── Data provided

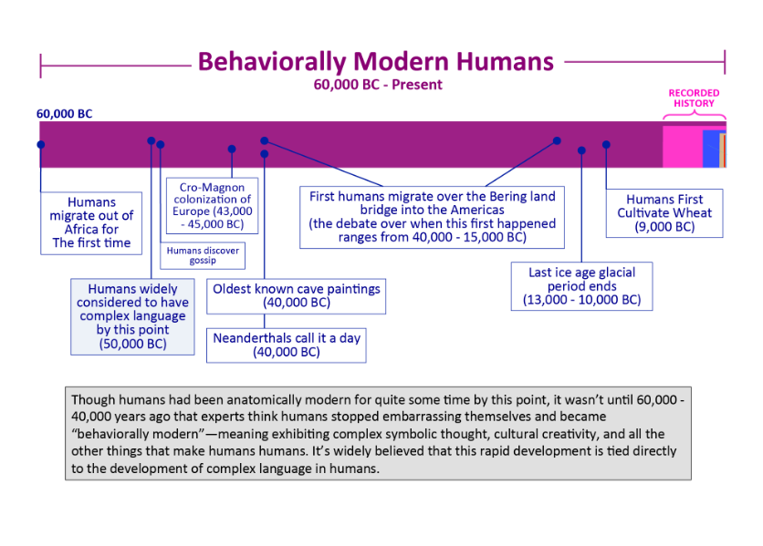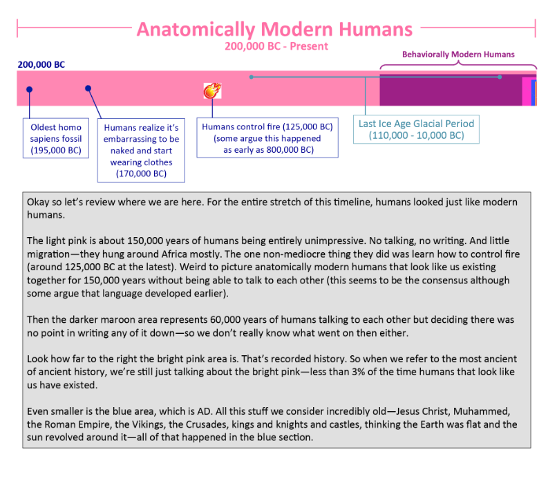Dinosaurs ruled the world for 165 million years. Homo sapiens showed up 200 to 300 thousand years ago. We humans are truly, in Earth time, a newly arrived species. As Tim Urban shows, over at Wait But Why, recorded history itself is a tiny blip of our time here.
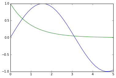 来告诉解释器在浏览器中显示图像.现在我们来看看如何使用这个库.例如在 [0,5] 区间均匀取 30 个点,分别计算 $ \sin\left(x\right) $ 与 $ \exp\left(x\right) $,并作图
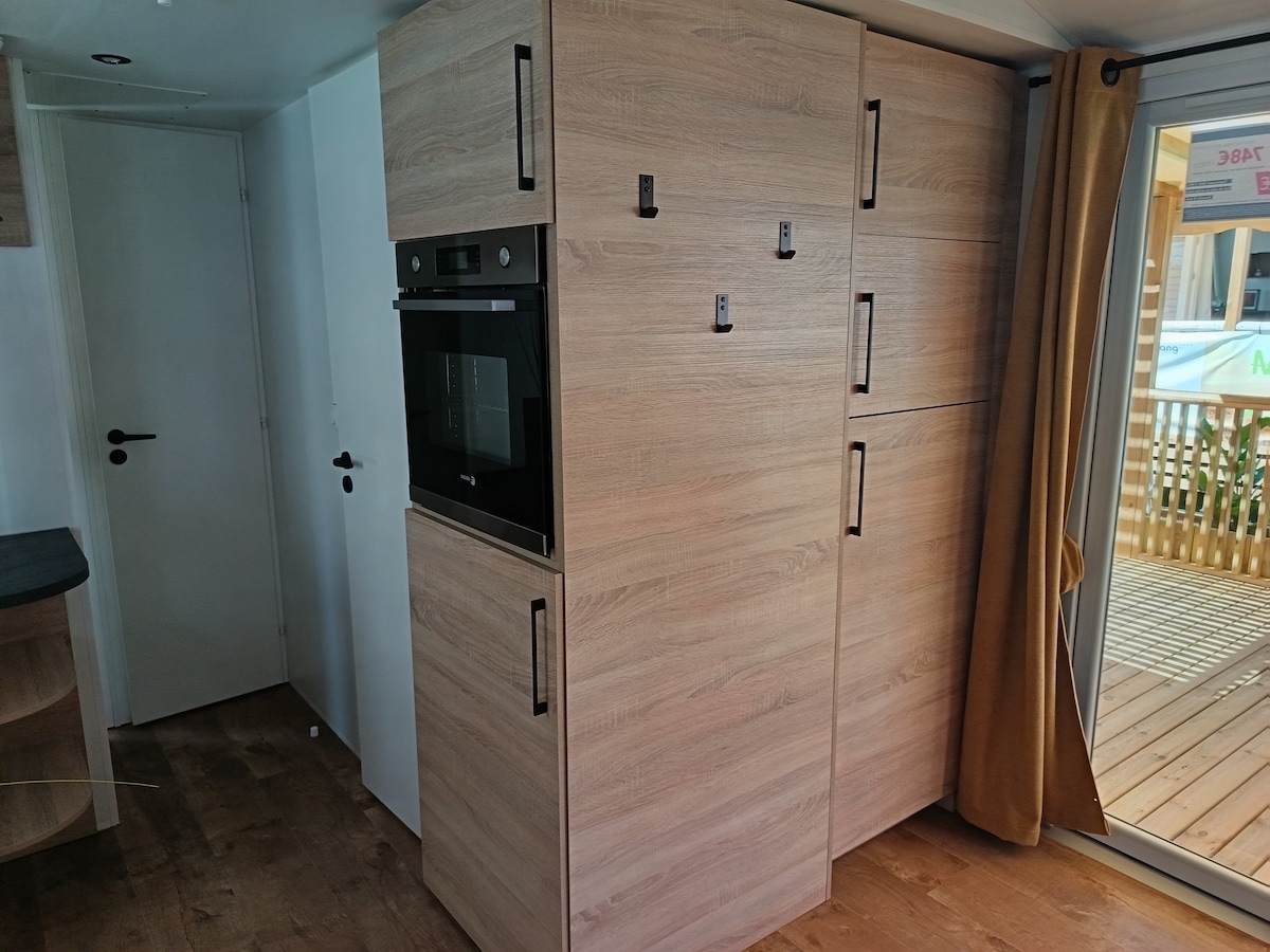 MOBILHOME 6 places 40 m² avec climatisation réversible, grande terrasse extérieure clôturée avec 1 portillon sécurisé , salon de jardin, 2 transats. Vaste salon avec télé orientable, 1 canapé convertible 2 places, 2 grandes chambres dont 1 parentale, literie haut de gamme avec grand dressing et TV Cuisine équipée, vaisselle, four, micro-ondes, plaque de cuisson, frigo avec congélateur , grille pain, bouilloire, cafetière filtres et TASSIMO dosettes, lave-vaisselle, machine à laver et étendage.

────

• [Exercise instructions] Give back the whole of the material exactly, with the pictures removed.

• [Answer section]
Dinosaurs ruled the world for 165 million years. Homo sapiens showed up 200 to 300 thousand years ago. We humans are truly, in Earth time, a newly arrived species. As Tim Urban shows, over at Wait But Why, recorded history itself is a tiny blip of our time here.
 来告诉解释器在浏览器中显示图像.现在我们来看看如何使用这个库.例如在 [0,5] 区间均匀取 30 个点,分别计算 $ \sin\left(x\right) $ 与 $ \exp\left(x\right) $,并作图
 MOBILHOME 6 places 40 m² avec climatisation réversible, grande terrasse extérieure clôturée avec 1 portillon sécurisé , salon de jardin, 2 transats. Vaste salon avec télé orientable, 1 canapé convertible 2 places, 2 grandes chambres dont 1 parentale, literie haut de gamme avec grand dressing et TV Cuisine équipée, vaisselle, four, micro-ondes, plaque de cuisson, frigo avec congélateur , grille pain, bouilloire, cafetière filtres et TASSIMO dosettes, lave-vaisselle, machine à laver et étendage.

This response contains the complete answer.